**Aim of the exercise:** Begin at the line below that holds "Užijte si pohodlí" and end at the line that holds "Photos Handsome man", transcribing each line exactly and skipping any picture.

**Data shown:**
****
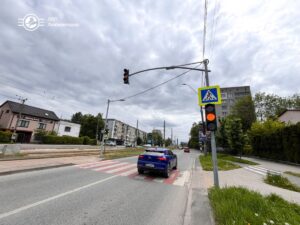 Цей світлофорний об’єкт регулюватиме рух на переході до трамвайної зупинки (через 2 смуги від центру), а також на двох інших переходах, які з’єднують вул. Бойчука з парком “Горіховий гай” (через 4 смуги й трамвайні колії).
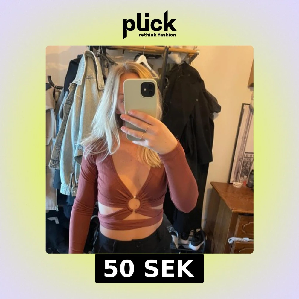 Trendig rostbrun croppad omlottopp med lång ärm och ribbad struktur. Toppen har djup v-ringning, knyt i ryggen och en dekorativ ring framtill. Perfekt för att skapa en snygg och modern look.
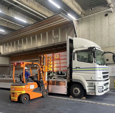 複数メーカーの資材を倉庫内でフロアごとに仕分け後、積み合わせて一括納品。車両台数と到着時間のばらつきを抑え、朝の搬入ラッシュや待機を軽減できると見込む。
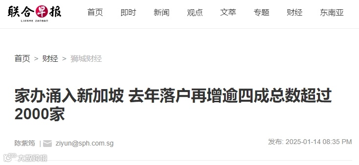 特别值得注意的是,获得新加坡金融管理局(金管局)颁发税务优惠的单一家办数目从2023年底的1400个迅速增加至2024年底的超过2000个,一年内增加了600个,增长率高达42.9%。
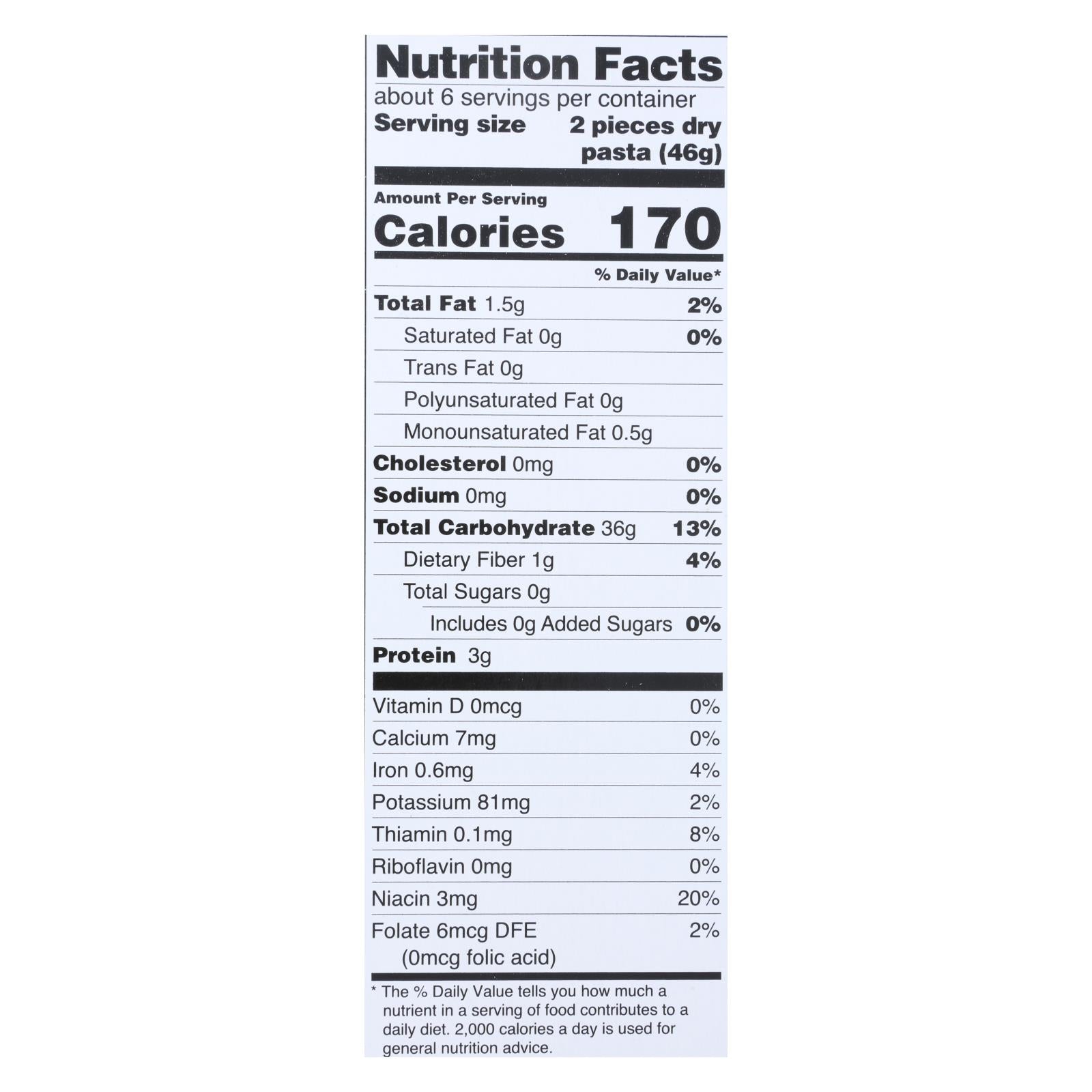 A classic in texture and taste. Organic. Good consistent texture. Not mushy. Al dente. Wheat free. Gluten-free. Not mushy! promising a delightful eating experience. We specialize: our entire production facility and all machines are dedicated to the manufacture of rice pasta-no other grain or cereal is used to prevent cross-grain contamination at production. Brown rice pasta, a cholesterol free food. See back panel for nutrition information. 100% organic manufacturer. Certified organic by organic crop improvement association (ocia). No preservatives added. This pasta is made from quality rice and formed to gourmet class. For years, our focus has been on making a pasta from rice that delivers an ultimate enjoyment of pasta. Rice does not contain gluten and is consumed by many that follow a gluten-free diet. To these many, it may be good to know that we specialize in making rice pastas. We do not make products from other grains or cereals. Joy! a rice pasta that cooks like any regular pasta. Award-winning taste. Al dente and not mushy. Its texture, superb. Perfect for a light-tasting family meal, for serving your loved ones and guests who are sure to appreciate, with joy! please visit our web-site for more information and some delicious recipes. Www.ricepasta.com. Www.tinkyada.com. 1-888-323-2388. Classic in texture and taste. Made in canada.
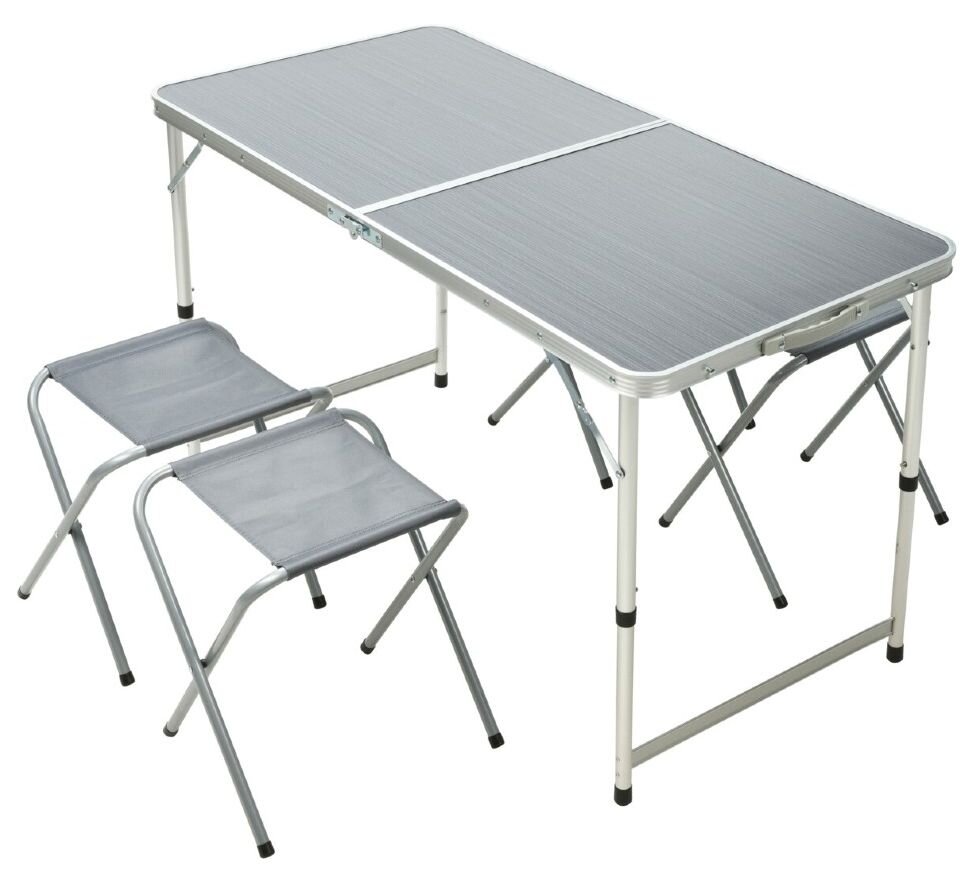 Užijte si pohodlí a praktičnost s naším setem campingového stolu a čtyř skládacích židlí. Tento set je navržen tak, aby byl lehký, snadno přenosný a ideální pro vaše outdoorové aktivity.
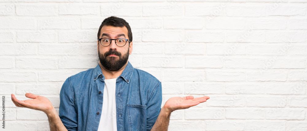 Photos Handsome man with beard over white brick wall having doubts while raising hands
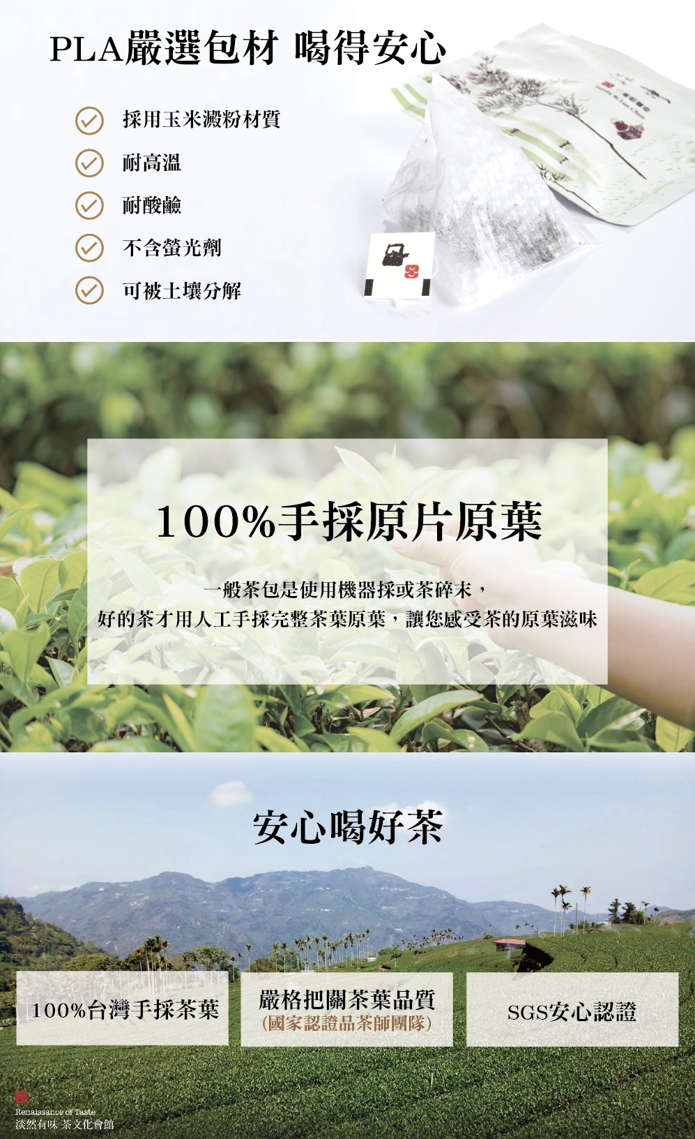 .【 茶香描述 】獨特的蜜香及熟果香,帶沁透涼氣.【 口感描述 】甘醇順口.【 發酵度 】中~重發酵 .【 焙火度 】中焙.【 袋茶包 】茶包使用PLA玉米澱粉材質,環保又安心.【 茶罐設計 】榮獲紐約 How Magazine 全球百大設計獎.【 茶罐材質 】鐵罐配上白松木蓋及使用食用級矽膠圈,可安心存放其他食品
****
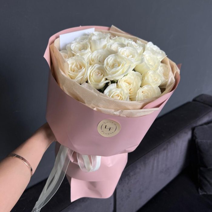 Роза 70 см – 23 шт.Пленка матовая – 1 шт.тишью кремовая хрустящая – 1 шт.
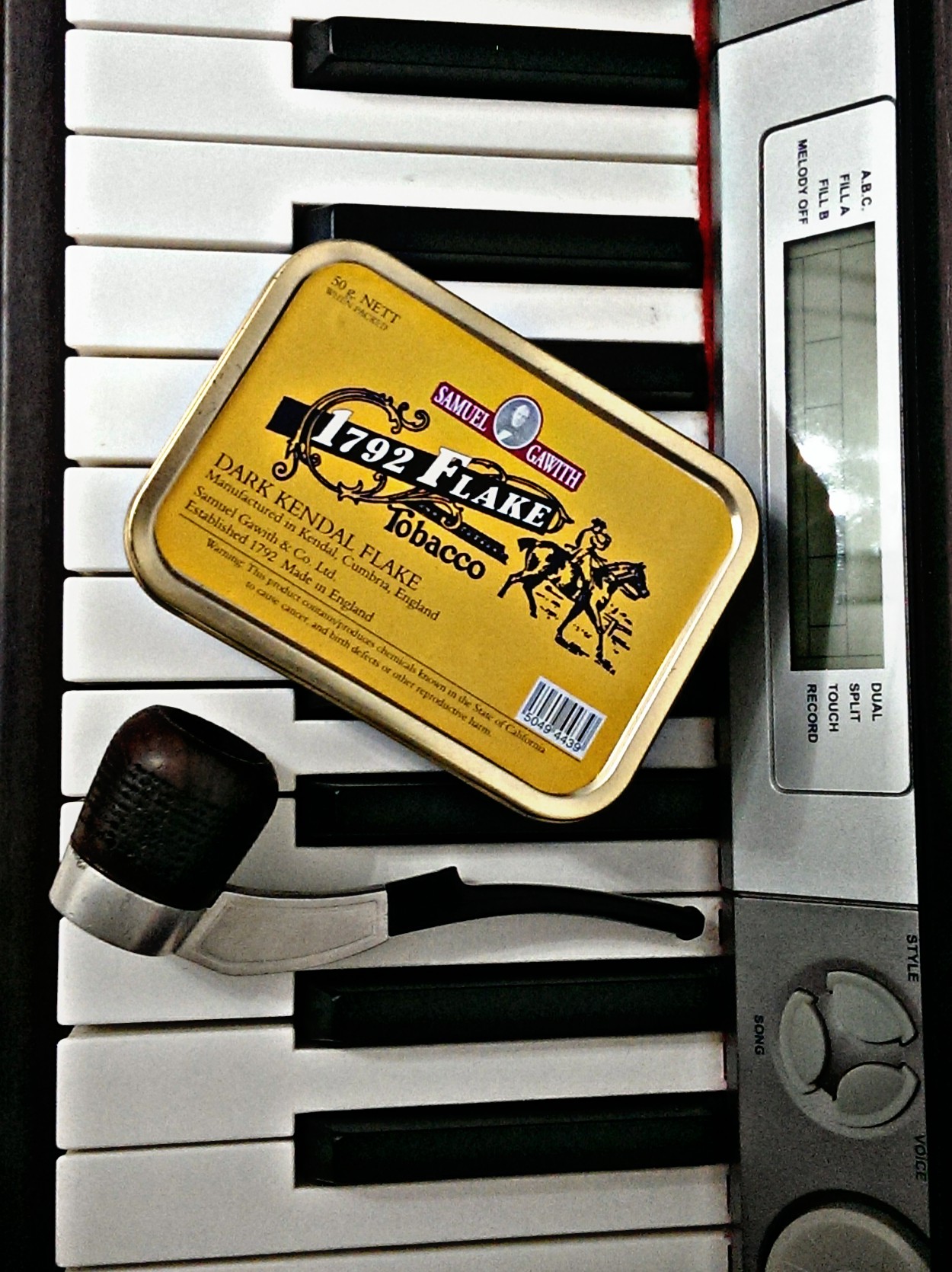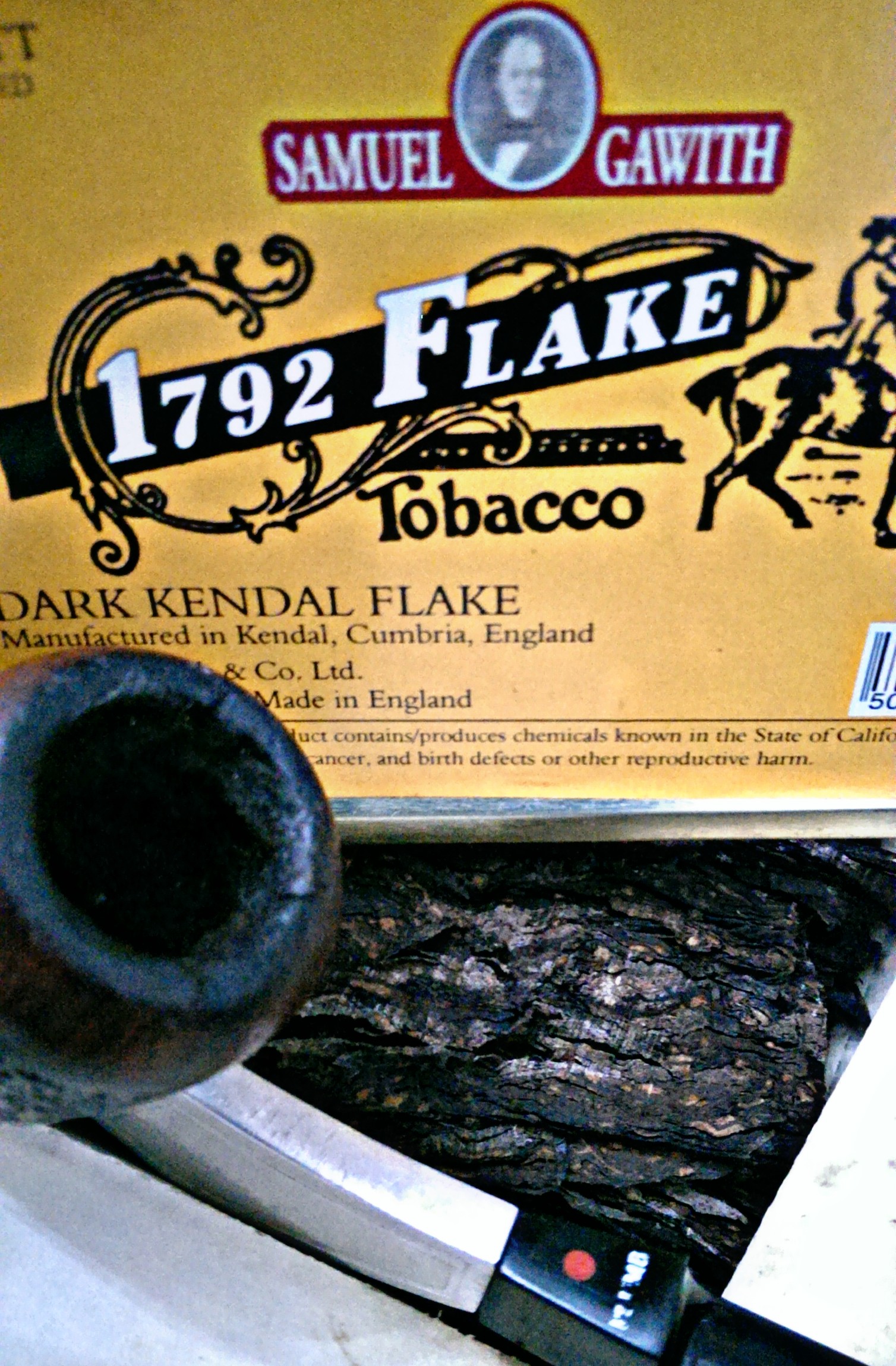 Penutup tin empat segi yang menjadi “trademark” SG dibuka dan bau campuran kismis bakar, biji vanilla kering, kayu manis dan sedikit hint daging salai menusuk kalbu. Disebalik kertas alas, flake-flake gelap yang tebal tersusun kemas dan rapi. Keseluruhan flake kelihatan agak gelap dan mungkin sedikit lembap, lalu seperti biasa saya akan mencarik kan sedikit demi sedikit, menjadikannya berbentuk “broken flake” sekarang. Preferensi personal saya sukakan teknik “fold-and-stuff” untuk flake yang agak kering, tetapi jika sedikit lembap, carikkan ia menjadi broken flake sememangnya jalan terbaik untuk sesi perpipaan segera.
****
**Result of the exercise:**
 Užijte si pohodlí a praktičnost s naším setem campingového stolu a čtyř skládacích židlí. Tento set je navržen tak, aby byl lehký, snadno přenosný a ideální pro vaše outdoorové aktivity.
 Photos Handsome man with beard over white brick wall having doubts while raising hands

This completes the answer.